◆ Task to carry out
Your answer is to be the exact text of the lines from the one containing "Premium Fertility Gummies" through the final line of the entries, restated in full, with pictures omitted.

◆ Extracted data entries
┄┄┄┄┄┄

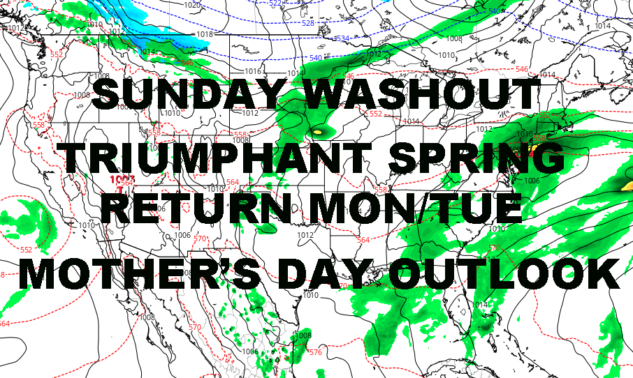 The question for Mother’s Day Sunday is, does that system depart Saturday night, or does it leave some time on Sunday. If it pulls out during Sunday, it’s probably a washout like this Sunday. If it’s gone by Saturday late night, then we could have a partial clearing-type situation with increasing sunshine as the day goes on.
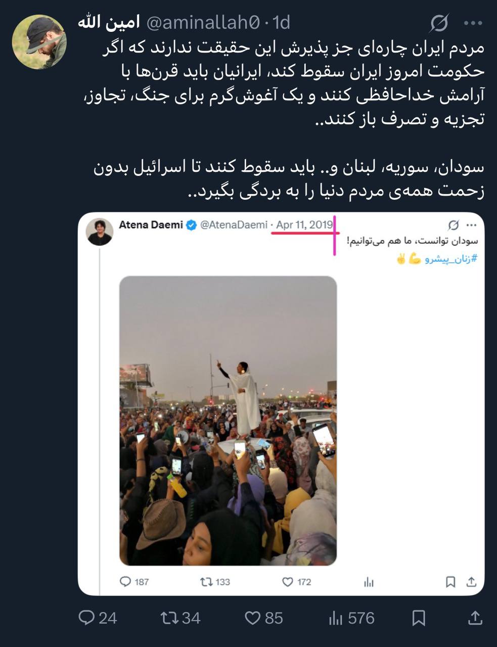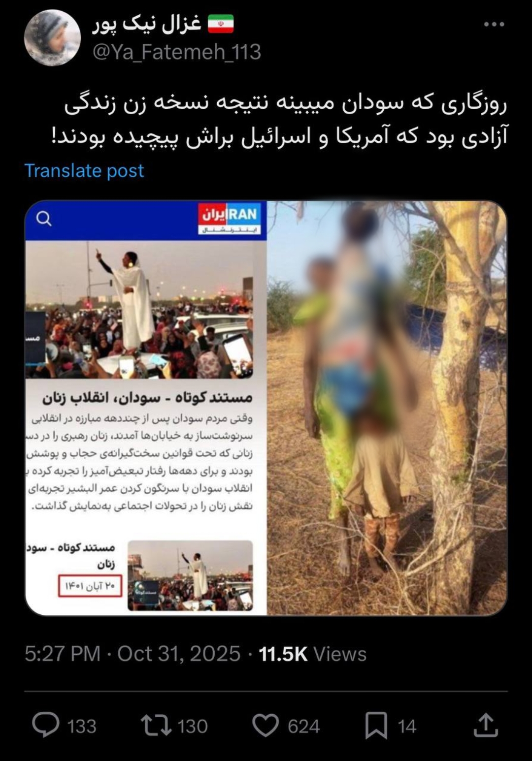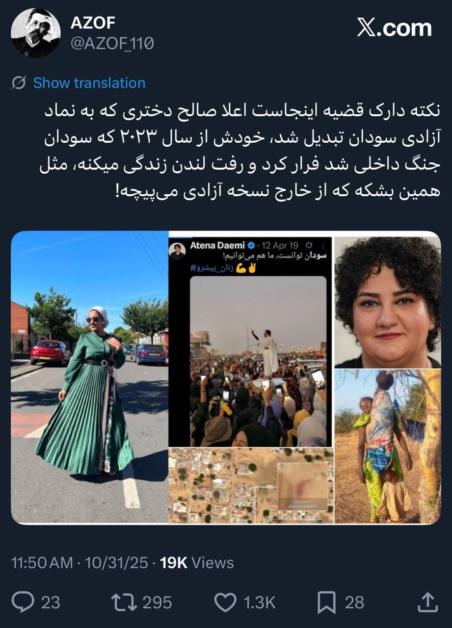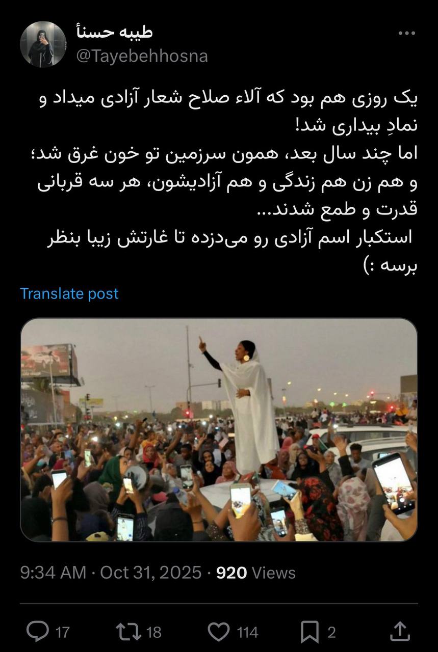 مقایسهی جالب بعضی از کاربران بین حوادث ۱۴۰۱ ایران و مهسا امینی و جنبش به اصطلاح آزادیبخش آلاء صالح در سودان:
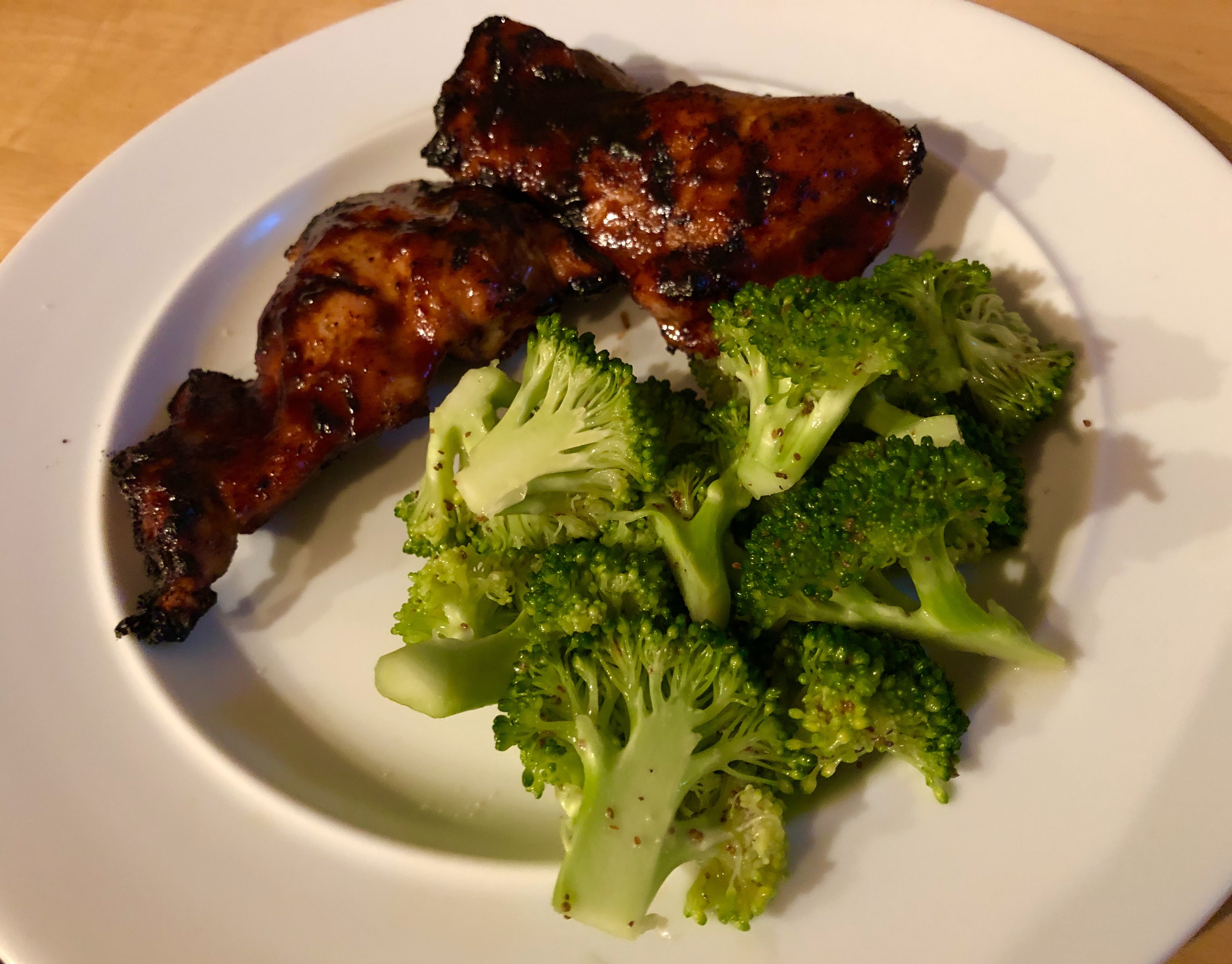 Following our salad first course we ate grilled chicken thighs with broccoli salad. We have decided that we like chicken thighs much better than chicken breasts. They are juicier and have more flavor. We get boneless skinless ones and John trims the fat. I am willing to spend a few more calories for more flavor!
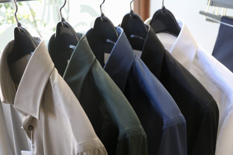 お勧めしたいのが、未来志向のシャツとしてご提案している【XACUS /ザッカス】のアクティブシャツです。着用しているのは、ネイビーのサイズ38。
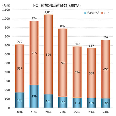 電子情報技術産業協会(JEITA)によると、24年のPC出荷台数は762万台に達した。前年から100万台近く積み上げており、その主な要因は、法人市場において、Win10 EOSに備えたリプレース需要が発生したためだ。
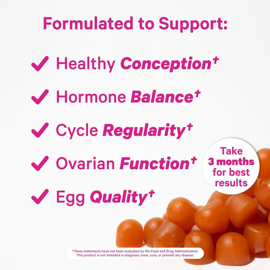 Premium Fertility Gummies for Women with Inositol, CoQ10, Folate - Hormone Balance, Ovulation, Menstrual Cycle - 1 Month Supply
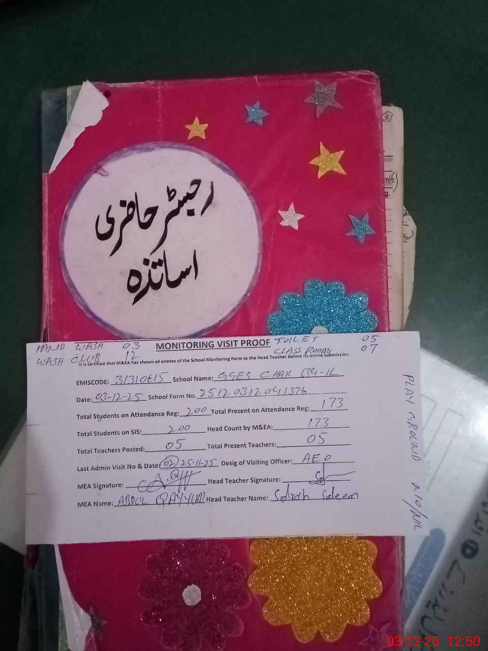 | EMIS Code: 31310615 | Name of School: GGES CHAK NO 134/1-L | |||
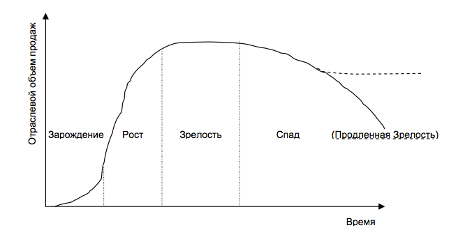 А какая у нас стадия жизни отрасли? Важный вопрос, потому что каждый период жизни отрасли дает разные возможности и «осложнения».

┄┄┄┄┄┄

◆ Answer space
 Premium Fertility Gummies for Women with Inositol, CoQ10, Folate - Hormone Balance, Ovulation, Menstrual Cycle - 1 Month Supply
 | EMIS Code: 31310615 | Name of School: GGES CHAK NO 134/1-L | |||
 А какая у нас стадия жизни отрасли? Важный вопрос, потому что каждый период жизни отрасли дает разные возможности и «осложнения».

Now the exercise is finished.